One hundred forty patients were treated by subtotal (ST, n = 80) or total thyroidectomy (TT, n = 60) between 1988 and 1994 for a large goiter or recurrence of hyperthyroidism after antithyroid drugs. Surgical complications, relapse of hyperthyroidism, and serum levels of antibodies were evaluated.


Thyroid-stimulating hormone receptor and thyroperoxidase antibodies significantly decreased in 44 of 60 and in 27 of 60, respectively, of TT patients and in 65 of 80 and 8 of 80, respectively, of ST patients. Thyroid-stimulating hormone antibody levels increased in three ST patients who had relapse of hyperthyroidism and in no TT patients; thyroperoxidase antibodies increased in nine ST patients (four with relapse of hyperthyroidism) and in no TT patients.
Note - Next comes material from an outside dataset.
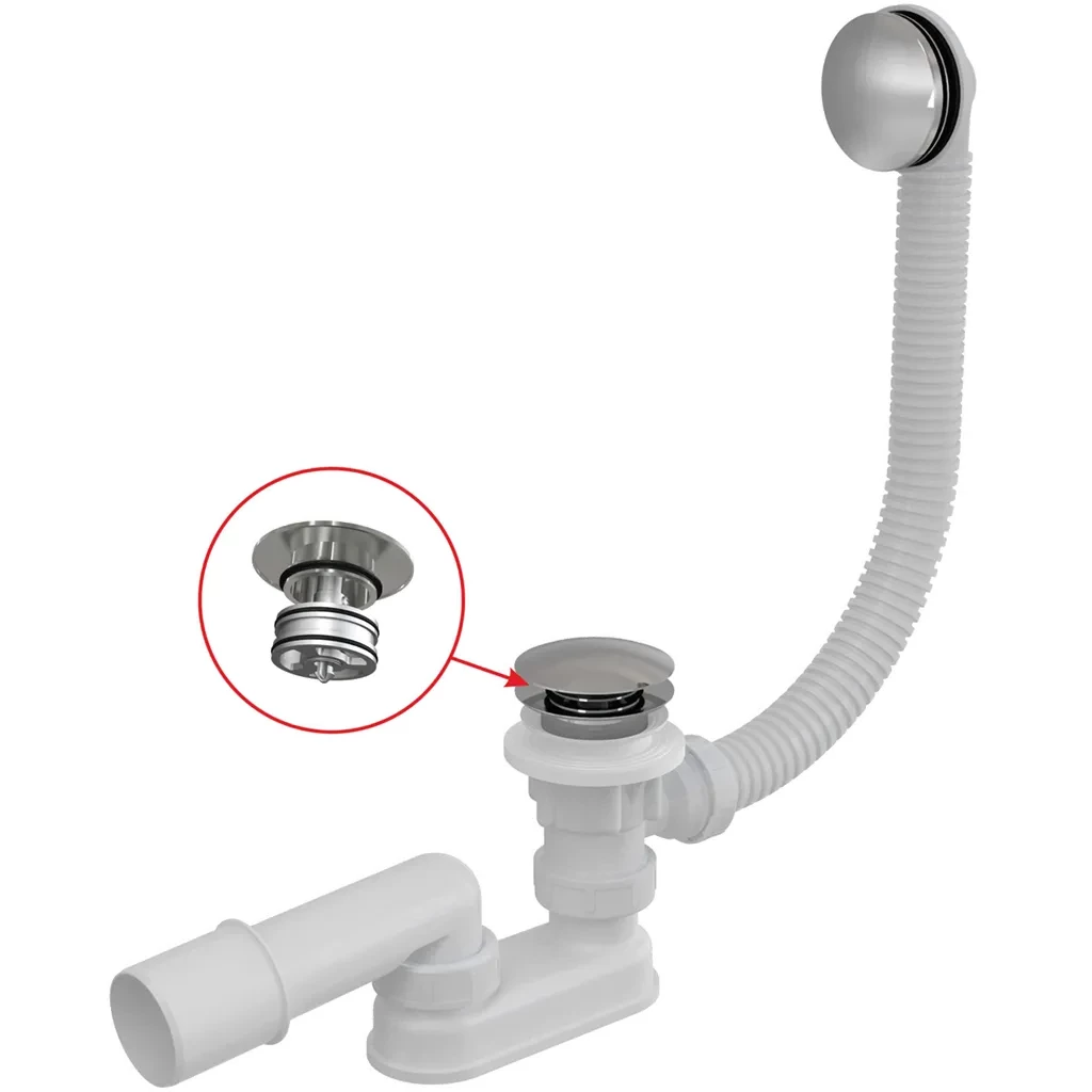 Alcaplast Sifon vanový CLICK/CLACK, kov-chrom čistitelný shora délka 1200mm

Vocal cord palsy occurred in two ST (2.5%) and in 1 TT (1.7%) patients; hypoparathyroidism occurred in three ST (3.8%) and in two (3.3%) TT patients.


Total thyroidectomy does not present more complications with respect to subtotal thyroidectomy, but it avoids the worsening of thyroid humoral autoimmunity and the relapse of hyperthyroidism. Thus it could represent the treatment of choice in Graves' disease.